[BUG] Null pointer dereference in fileutil.c:75, catdoc

[kdsjZh]

Brief Summary

Hello, I was testing my fuzzer and found a null pointer dereference bug in catdoc. A null pointer dereference in function find_file will be triggered when parsing a crafted doc file, when running ./catdoc $POC, as shown in the attachment

Environment

Ubuntu 18.04
clang 12.0.1
catdoc latest version

step to reproduce

export CC="clang -fsanitize=address -g"
./configure --disable-shared && make -j8
./src/catdoc $POC

ASAN output

=================================================================
==352068==ERROR: AddressSanitizer: SEGV on unknown address 0x000000000000 (pc 0x7f87b0d7ce78 bp 0x7fff790da7f0 sp 0x7fff790d9f88 T0)
==352068==The signal is caused by a READ memory access.
==352068==Hint: address points to the zero page.
    #0 0x7f87b0d7ce78  /build/glibc-CVJwZb/glibc-2.27/string/../sysdeps/x86_64/multiarch/strchr-avx2.S:57
    #1 0x43979c in __interceptor_strchr.part.39 /llvm-project/compiler-rt/lib/asan/../sanitizer_common/sanitizer_common_interceptors.inc:688
    #2 0x4fbb80 in find_file /latest/catdoc/src/fileutil.c:75:5
    #3 0x4f3c50 in main /latest/catdoc/src/catdoc.c:50:11
    #4 0x7f87b0c10c86 in __libc_start_main /build/glibc-CVJwZb/glibc-2.27/csu/../csu/libc-start.c:310
    #5 0x41baa9 in _start (/latest/catdoc/src/catdoc+0x41baa9)
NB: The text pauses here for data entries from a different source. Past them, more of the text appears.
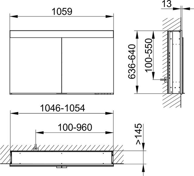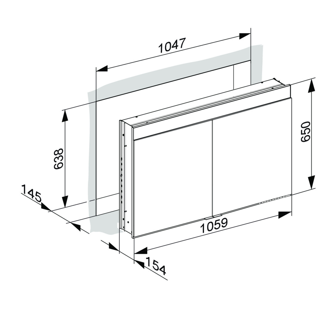 Tiefe vor der Wand 24 mm, Drehtüren aus Kristall-Doppelspiegeln mit Anschlagsdämpfung, Korpus: Aluminium (silber-gebeizt-eloxiert), Rückwand: verspiegelt, Schutzart: IP24, Bedienung: Bedienfeld mit kapazitiver Touch-Sensorik, Funktionen: ein-/ausschalten, stufenlos dimmen, integrierte Nebenstellenfunktion (Raumschalter), Beleuchtung: stufenlos einstellbar von 2700 Kelvin (warmweiß) bis 6500 Kelvin (Tageslicht), LED, Innenraumausleuchtung, Spiegelheizung optional (mittig der Türen platziert, optische Anzeige der Aufheizphase, automatische Abschaltung nach 20 Minuten, 56 Watt), Ausstattung: 2x innenliegende Steckdose, 3x höhenverstellbare Glasablage (710 mm Breite), 2 x 3 höhenverstellbare Glasablagen (1060 mm Breite), 1x Aufbewahrungsfach mit verschiebbarem Glasdeckel (710 mm Breite), 2x Aufbewahrungsfach mit verschiebbarem Glasdeckel (1060 mm Breite), Innenraumausleuchtung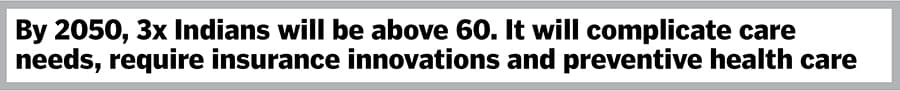 However, this landscape is coloured differently for India, where our demographic dividend of the younger nation is rapidly changing, and we stare at 3x Indians above 60 by 2050. This shift and uneven distribution of resources, which have always plagued us, will complicate care needs, urging innovations in insurance, preventive health and retirement planning. This increase in life expectancy from the 70s to the 90s, along with a lower population replacement level, will inevitably create the world’s largest pool of aged population, with fewer and fewer caregivers. Are we as a nation ready for it?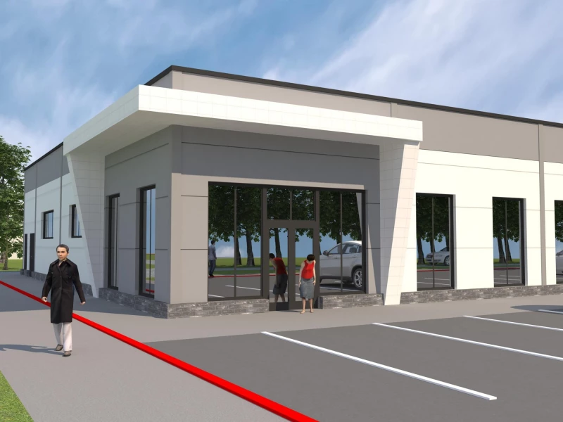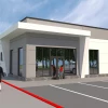 Здание спроектировали одноэтажным. Вход будет угловым, его выделят порталом. Отделка – сэндвич-панели и композитные материалы. Добавят витражное остекление.
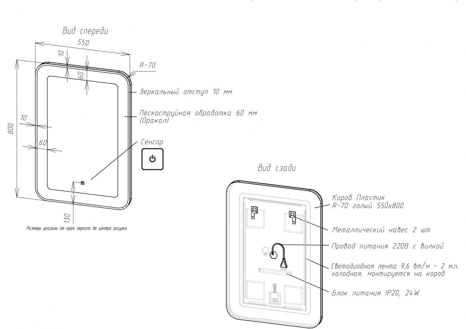 Корпус из УПС-пластика, зеркальный отступ по периметру

AddressSanitizer can not provide additional info.
SUMMARY: AddressSanitizer: SEGV /build/glibc-CVJwZb/glibc-2.27/string/../sysdeps/x86_64/multiarch/strchr-avx2.S:57
==352068==ABORTING

Root cause

in file https://github.com/petewarden/catdoc/blob/master/src/fileutil.c#L75

q=strchr(p,LIST_SEP);

The p is not verified and can be modified to NULL with a crafted doc file.

POC

poc0.zip

Credit

Han Zheng(NCNIPC of China, Hexhive)
Yin Li, Xiaotong Jiao(NCNIPC of China)

[skierpage]

This fork is really old (version 0.93 from around 2010) and out of date. @vbwagner changed the find_file() function in commit 1202f84b in November 2014, and that fixes this bug.